29 August 2007

rakshabandan hier

shikshantar

shikshantar rakshabandhan exhibition




speaking of the old world and indian family ties, yesterday was rakshabandan. rakshabandan, in my american-born confused understanding, is a holiday bringing together brothers and sisters to celebrate the duties that bind them.

women are supposed to tie a bracelet around the wrist of the men (senhor of bonfim style, leave it on until it falls off) and men are supposed to give cash money to the women. which represents taking care, one of the other, in this complementary and assymetrical way. part of the constant festival scene in indian culture, i think, has to do with making sure you remember to think about everyone in the extended family/society, giving everyone their due attention and rule.
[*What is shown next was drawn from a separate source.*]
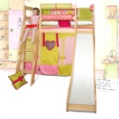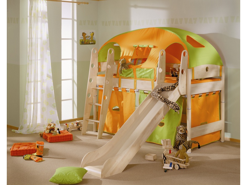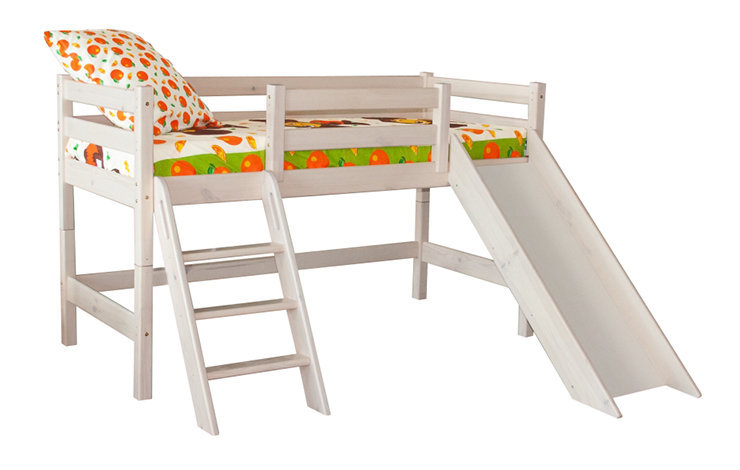 A bed with a slide has quite a lot of advantages, the first of which is of course the entertainment part in the face of the slide. Children with great enthusiasm roll down a slide and get great pleasure from it. But the most important advantage, from a practical point of view, is the strength of this structure, since it has a reinforced frame, and in the case of a two-tier model, there are also special mounts that ensure the best stability of this bed and ensure the safety of the child. Some models are even equipped with additional mounts to the wall. The safety of the child is also determined by special bumpers, which are located not only at the bed, but also at the very side of the hill. So, if the child sits to roll down, the possibility that he will fall is extremely small.

so in rakshabandan its a chance to honor and respect all your female sisters and cousins, the women of your generation in a sense. and in the context of strained family situations, its an opportunity to cry, to let it out how shitty your situation is.

in my mom's family there's some estrangement between a brother and a sister, a situation that started years ago and has gotten steadily worse. and they can go on and ignore it and feel the pain digging deep but not really do anything, until rakshabandan. this year the brother didn't call the sister on rakshabandan, which is breaking a huge commandment of family and social relations. its this huge thing, without analogy in the secular disjoint of amerikan culture that was my birthright. so my mom spends hours on the phone with this crying sister and can finally feel her own anger and sadness as well.

and after years of talking to people and their families and the casual mentions of "we just dont talk anymore" it seems like a really beautiful ritual -- not the exchange of the money and bracelets, but rather the crying -- to be able to acknowledge how shitty it is that we have brothers and sisters we don't talk to anymore.

or in my sense of the family structure, that we have people in the world that we have loved to whom we no longer speak or otherwise communicate. it seems that it is only through the awareness of these tragedies -- the separation, the war, the loss of topsoil -- that we give ourselves the opportunity to transcend them. it is through this lens, only, that i can stomach the political situation, the rape and torture of humans and planet as an opportunity for all of us who claim to care really to do something, to motivate, to gain inspiration for our work and service to the planet and each other.

so, happy rakshbandan, brothers and sisters.